**Task objective**
Copy only the lines from the one with "共演に『バーバレラ』のジョン" through the end of the records, exactly as they stand. No pictures belong in the copy.

START Excerpted data

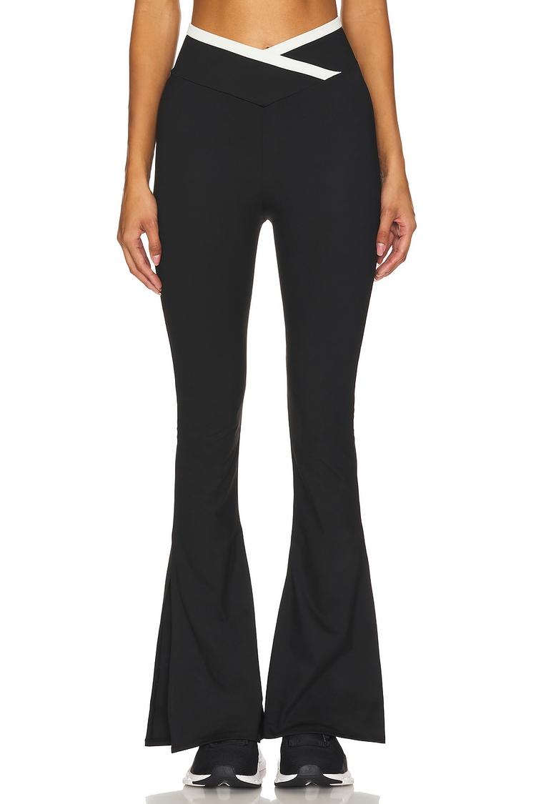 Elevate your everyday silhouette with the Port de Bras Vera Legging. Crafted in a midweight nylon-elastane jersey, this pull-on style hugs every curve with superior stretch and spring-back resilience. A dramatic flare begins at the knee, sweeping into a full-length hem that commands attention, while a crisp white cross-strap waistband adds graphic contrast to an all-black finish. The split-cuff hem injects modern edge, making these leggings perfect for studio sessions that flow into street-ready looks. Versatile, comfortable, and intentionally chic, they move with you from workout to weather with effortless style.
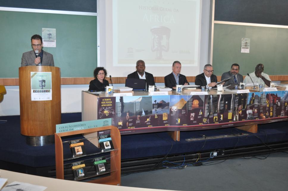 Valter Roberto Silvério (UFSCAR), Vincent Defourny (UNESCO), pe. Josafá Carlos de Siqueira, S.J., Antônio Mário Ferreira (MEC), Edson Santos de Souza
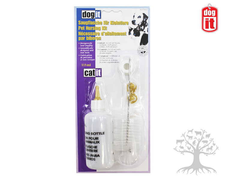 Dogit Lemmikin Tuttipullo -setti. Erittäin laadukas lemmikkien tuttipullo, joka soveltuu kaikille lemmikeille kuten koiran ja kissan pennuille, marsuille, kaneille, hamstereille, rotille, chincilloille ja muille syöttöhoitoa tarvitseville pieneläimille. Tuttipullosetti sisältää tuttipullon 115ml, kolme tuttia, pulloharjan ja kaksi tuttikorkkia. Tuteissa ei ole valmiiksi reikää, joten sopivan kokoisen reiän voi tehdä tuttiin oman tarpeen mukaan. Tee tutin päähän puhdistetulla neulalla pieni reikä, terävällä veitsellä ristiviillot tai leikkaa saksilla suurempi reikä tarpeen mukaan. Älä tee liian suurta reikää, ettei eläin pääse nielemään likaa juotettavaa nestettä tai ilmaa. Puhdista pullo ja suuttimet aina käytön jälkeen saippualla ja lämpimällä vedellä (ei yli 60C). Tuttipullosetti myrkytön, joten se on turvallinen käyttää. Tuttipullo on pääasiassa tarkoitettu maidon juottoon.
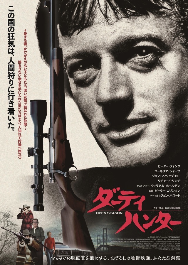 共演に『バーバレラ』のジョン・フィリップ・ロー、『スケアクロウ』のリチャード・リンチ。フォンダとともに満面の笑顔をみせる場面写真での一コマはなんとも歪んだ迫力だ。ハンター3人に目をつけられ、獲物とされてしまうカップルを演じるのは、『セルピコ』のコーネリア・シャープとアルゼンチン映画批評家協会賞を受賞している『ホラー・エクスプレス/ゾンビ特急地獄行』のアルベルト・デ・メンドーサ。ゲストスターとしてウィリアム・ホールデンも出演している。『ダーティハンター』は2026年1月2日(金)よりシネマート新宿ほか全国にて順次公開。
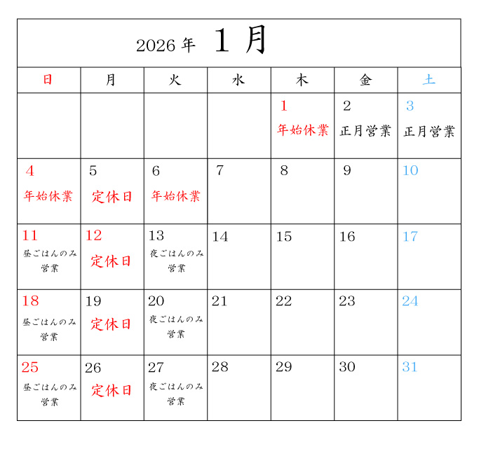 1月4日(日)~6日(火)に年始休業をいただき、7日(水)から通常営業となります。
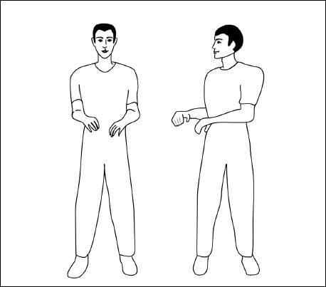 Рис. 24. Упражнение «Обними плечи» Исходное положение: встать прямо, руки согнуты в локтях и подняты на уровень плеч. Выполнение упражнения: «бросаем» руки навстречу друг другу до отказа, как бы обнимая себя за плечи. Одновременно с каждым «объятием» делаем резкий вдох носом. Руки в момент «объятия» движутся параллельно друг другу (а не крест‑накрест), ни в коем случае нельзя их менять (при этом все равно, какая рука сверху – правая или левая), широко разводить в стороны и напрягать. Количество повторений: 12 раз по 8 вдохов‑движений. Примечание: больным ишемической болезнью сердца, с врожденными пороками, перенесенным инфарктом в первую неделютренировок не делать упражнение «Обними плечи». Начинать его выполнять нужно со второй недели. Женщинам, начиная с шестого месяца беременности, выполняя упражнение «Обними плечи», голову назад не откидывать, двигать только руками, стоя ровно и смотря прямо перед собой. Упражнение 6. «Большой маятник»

END Excerpted data

**Reply to the exercise**
 共演に『バーバレラ』のジョン・フィリップ・ロー、『スケアクロウ』のリチャード・リンチ。フォンダとともに満面の笑顔をみせる場面写真での一コマはなんとも歪んだ迫力だ。ハンター3人に目をつけられ、獲物とされてしまうカップルを演じるのは、『セルピコ』のコーネリア・シャープとアルゼンチン映画批評家協会賞を受賞している『ホラー・エクスプレス/ゾンビ特急地獄行』のアルベルト・デ・メンドーサ。ゲストスターとしてウィリアム・ホールデンも出演している。『ダーティハンター』は2026年1月2日(金)よりシネマート新宿ほか全国にて順次公開。
 1月4日(日)~6日(火)に年始休業をいただき、7日(水)から通常営業となります。
 Рис. 24. Упражнение «Обними плечи» Исходное положение: встать прямо, руки согнуты в локтях и подняты на уровень плеч. Выполнение упражнения: «бросаем» руки навстречу друг другу до отказа, как бы обнимая себя за плечи. Одновременно с каждым «объятием» делаем резкий вдох носом. Руки в момент «объятия» движутся параллельно друг другу (а не крест‑накрест), ни в коем случае нельзя их менять (при этом все равно, какая рука сверху – правая или левая), широко разводить в стороны и напрягать. Количество повторений: 12 раз по 8 вдохов‑движений. Примечание: больным ишемической болезнью сердца, с врожденными пороками, перенесенным инфарктом в первую неделютренировок не делать упражнение «Обними плечи». Начинать его выполнять нужно со второй недели. Женщинам, начиная с шестого месяца беременности, выполняя упражнение «Обними плечи», голову назад не откидывать, двигать только руками, стоя ровно и смотря прямо перед собой. Упражнение 6. «Большой маятник»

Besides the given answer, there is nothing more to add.